*** Data for this exercise ***
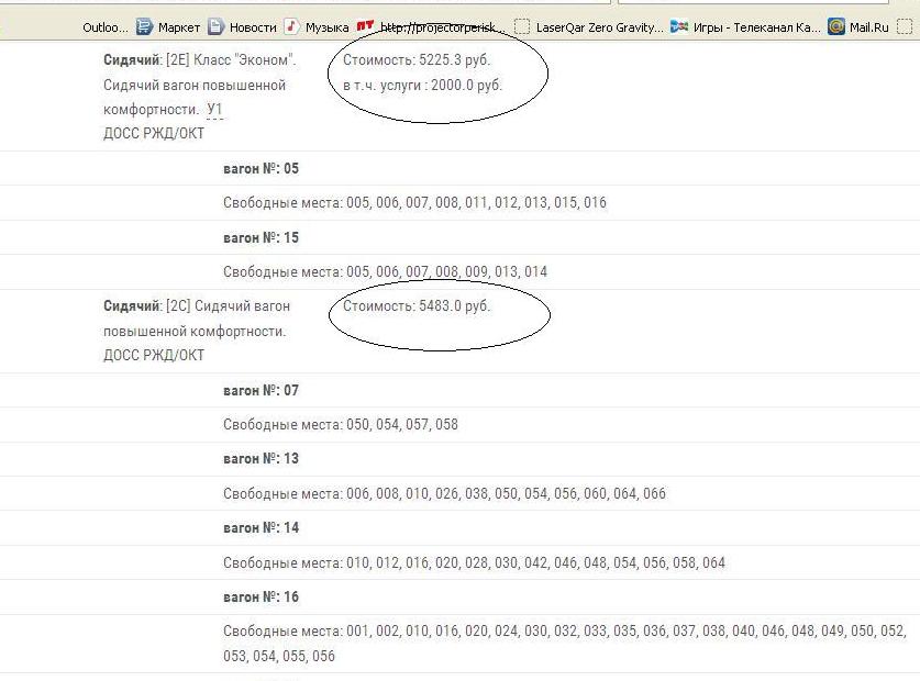 serg, совершенно напрасно Вы мне не верите. Посмотрите сами по сайту РЖД, 8 мест в вагон-бистро на поезд отправлением из Питера в 13.55 и 16 мест (8+8) на поезд в 14.05 появляются на сайте где-то в 17-18 часов накануне. И указанная цена на них - 2645 руб. Что, разумеется, не соответствует действительности.
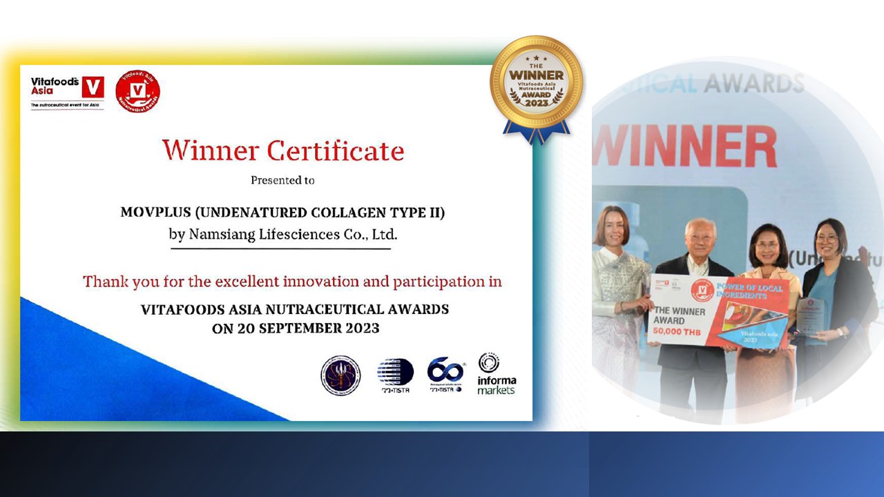 Movplus® is the winner of the Vitafoods Asia Nutraceutical Award 2023, which was judged on September 19th, 2023 and presented to audiences on the show floor. Vitafoods Asia, in collaboration with the Center of Expertise in Herbal Product Innovation and the Thailand Institute of Scientific and Technological Research, joined forces to search for the best ideas for innovative nutraceutical products based on the concept of local wisdom.
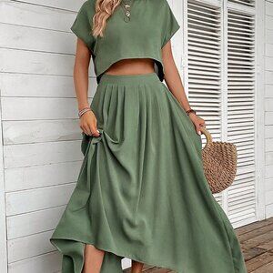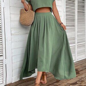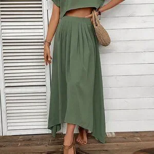 Green Boho Womens Women's Solid Color Loose Casual Two-Piece Set
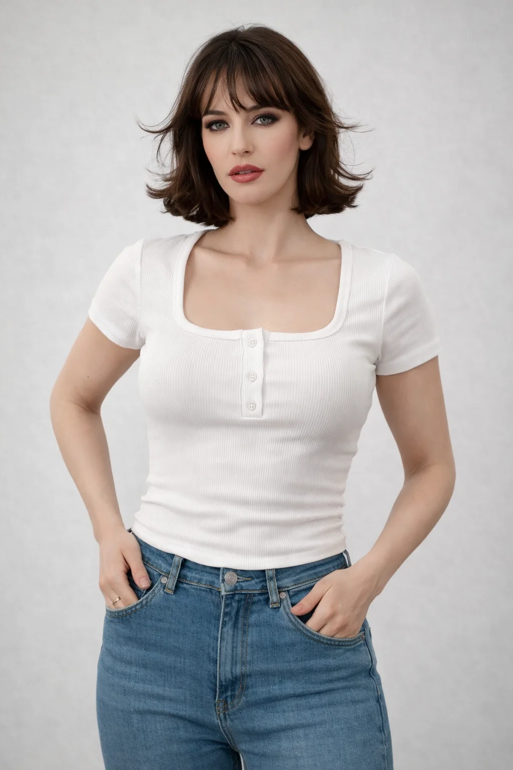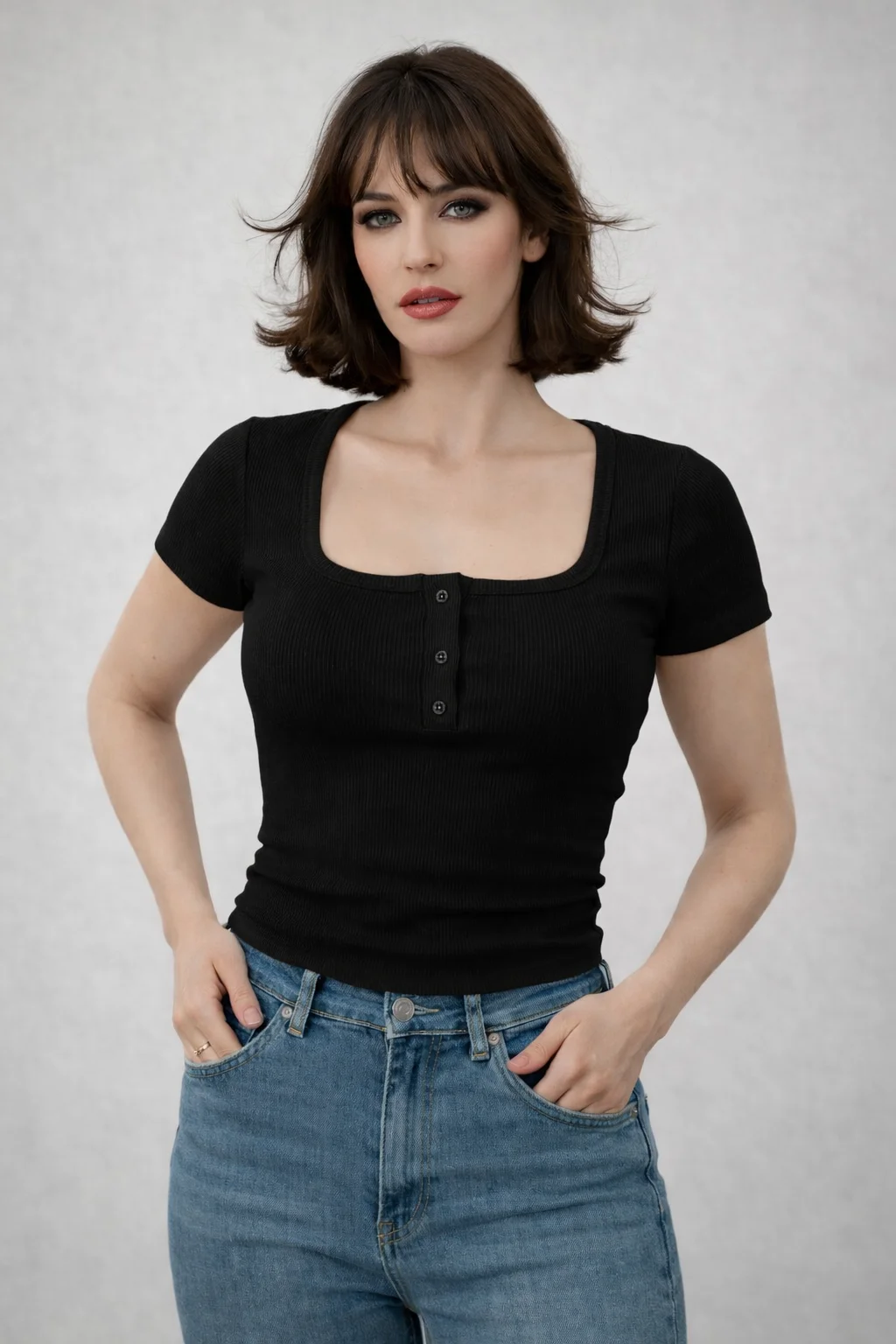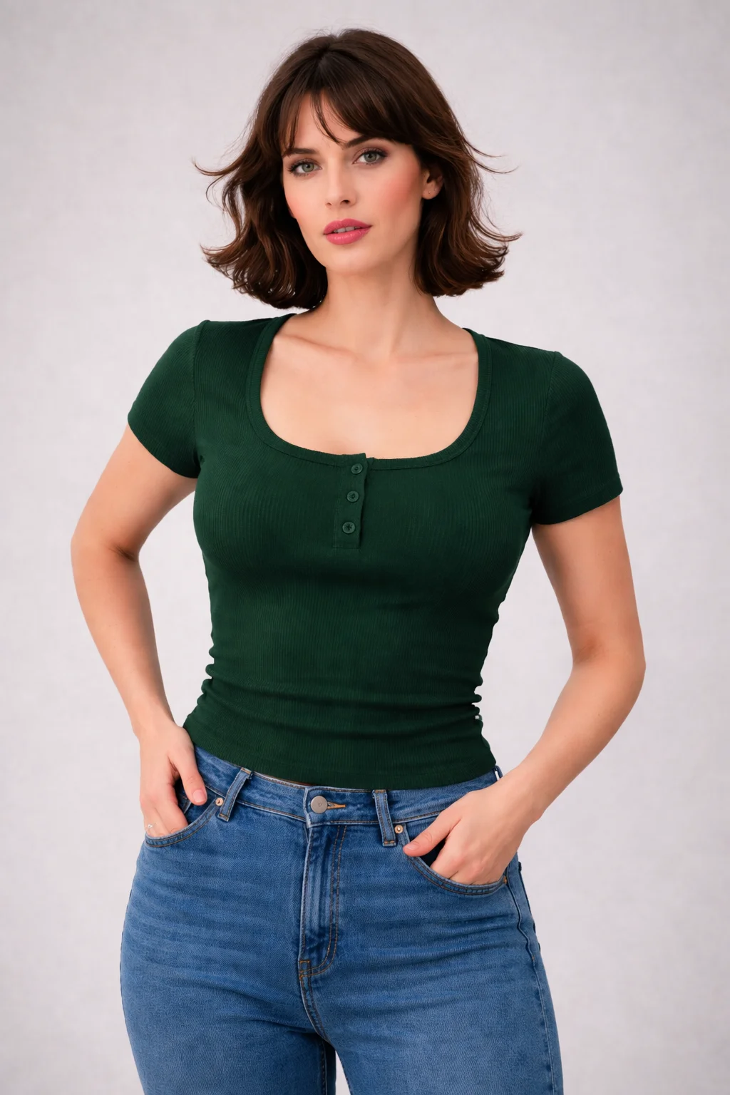 التصميم Slim Fit بيبرز شكل الجسم بشكل جذاب، مع ياقة مربعة وأزرار أمامية بتدي لمسة شيك وعصرية. التيشيرت مناسب للخروج اليومي، الجامعة، الشغل أو حتى لوك كاجوال ستايل.
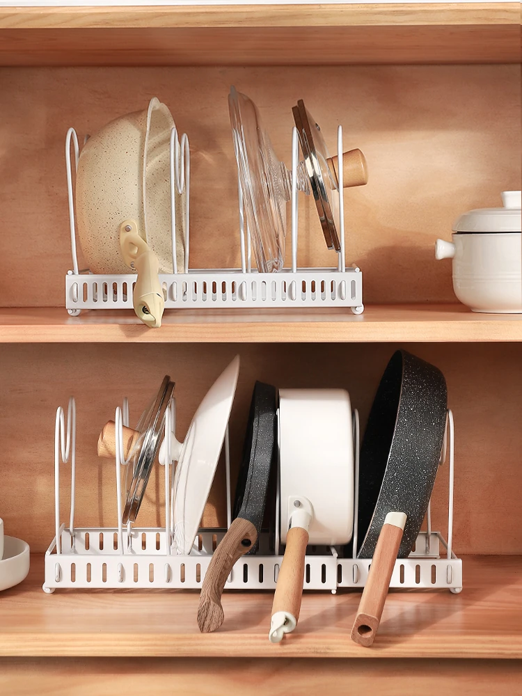 調整可能なキッチン鍋スタンド・収納ラック - クローゼット内の鍋や調理器具をスッキリ整理!テーブル上の皿や鍋蓋もおしゃれに収納。あなたのキッチンをもっと使いやすく!
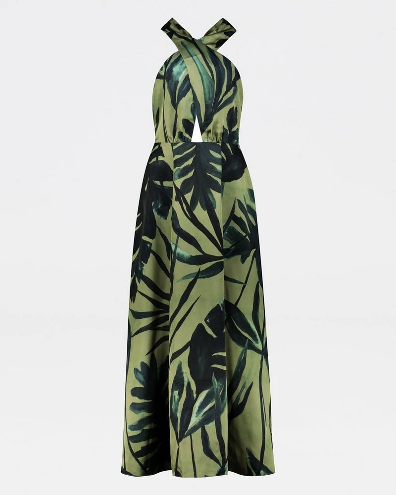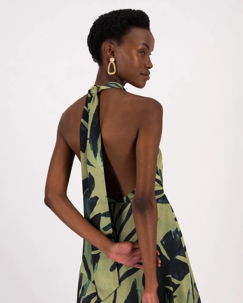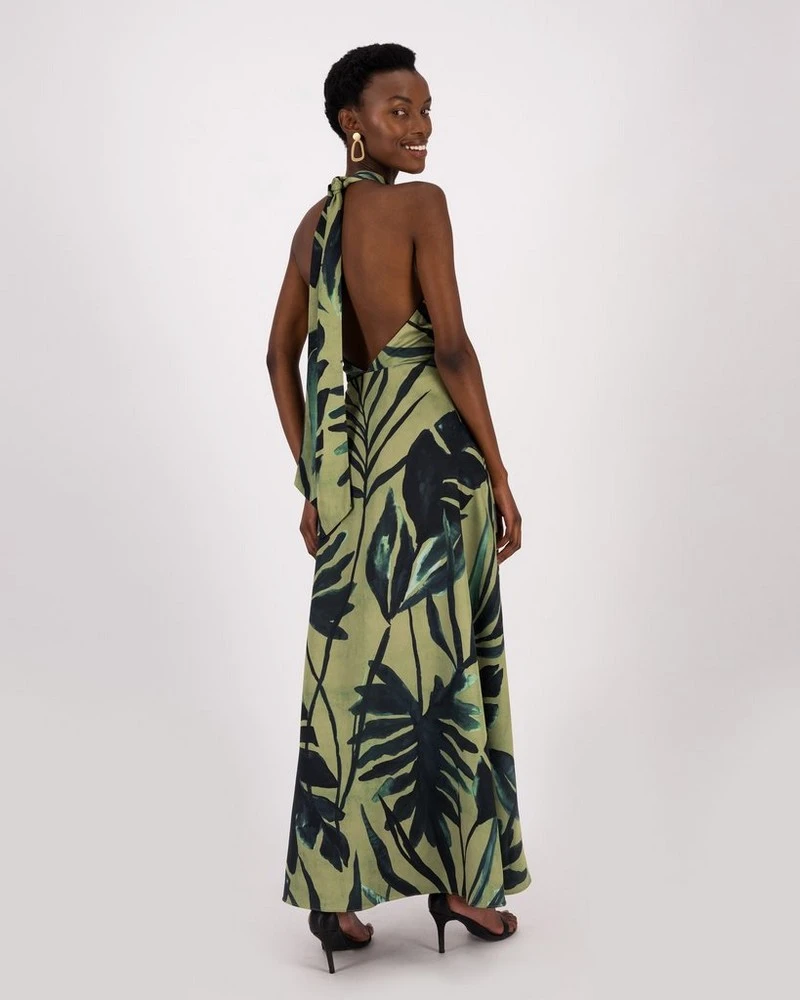 Embrace the tropical vibe with the Katya Halterneck Dress. Featuring a front cut-out and halterneck tie detail, this slim-fit maxi dress is sure to turn heads! The dramatic train adds dramatic movement and when paired with a pair of strappy sandals and co-ordinating earrings, this look is perfect for a summer wedding!Â
***
Copy each entry exactly as written. Pictures do not belong in the copy.

 serg, совершенно напрасно Вы мне не верите. Посмотрите сами по сайту РЖД, 8 мест в вагон-бистро на поезд отправлением из Питера в 13.55 и 16 мест (8+8) на поезд в 14.05 появляются на сайте где-то в 17-18 часов накануне. И указанная цена на них - 2645 руб. Что, разумеется, не соответствует действительности.
 Movplus® is the winner of the Vitafoods Asia Nutraceutical Award 2023, which was judged on September 19th, 2023 and presented to audiences on the show floor. Vitafoods Asia, in collaboration with the Center of Expertise in Herbal Product Innovation and the Thailand Institute of Scientific and Technological Research, joined forces to search for the best ideas for innovative nutraceutical products based on the concept of local wisdom.
 Green Boho Womens Women's Solid Color Loose Casual Two-Piece Set
 التصميم Slim Fit بيبرز شكل الجسم بشكل جذاب، مع ياقة مربعة وأزرار أمامية بتدي لمسة شيك وعصرية. التيشيرت مناسب للخروج اليومي، الجامعة، الشغل أو حتى لوك كاجوال ستايل.
 調整可能なキッチン鍋スタンド・収納ラック - クローゼット内の鍋や調理器具をスッキリ整理!テーブル上の皿や鍋蓋もおしゃれに収納。あなたのキッチンをもっと使いやすく!
 Embrace the tropical vibe with the Katya Halterneck Dress. Featuring a front cut-out and halterneck tie detail, this slim-fit maxi dress is sure to turn heads! The dramatic train adds dramatic movement and when paired with a pair of strappy sandals and co-ordinating earrings, this look is perfect for a summer wedding!Â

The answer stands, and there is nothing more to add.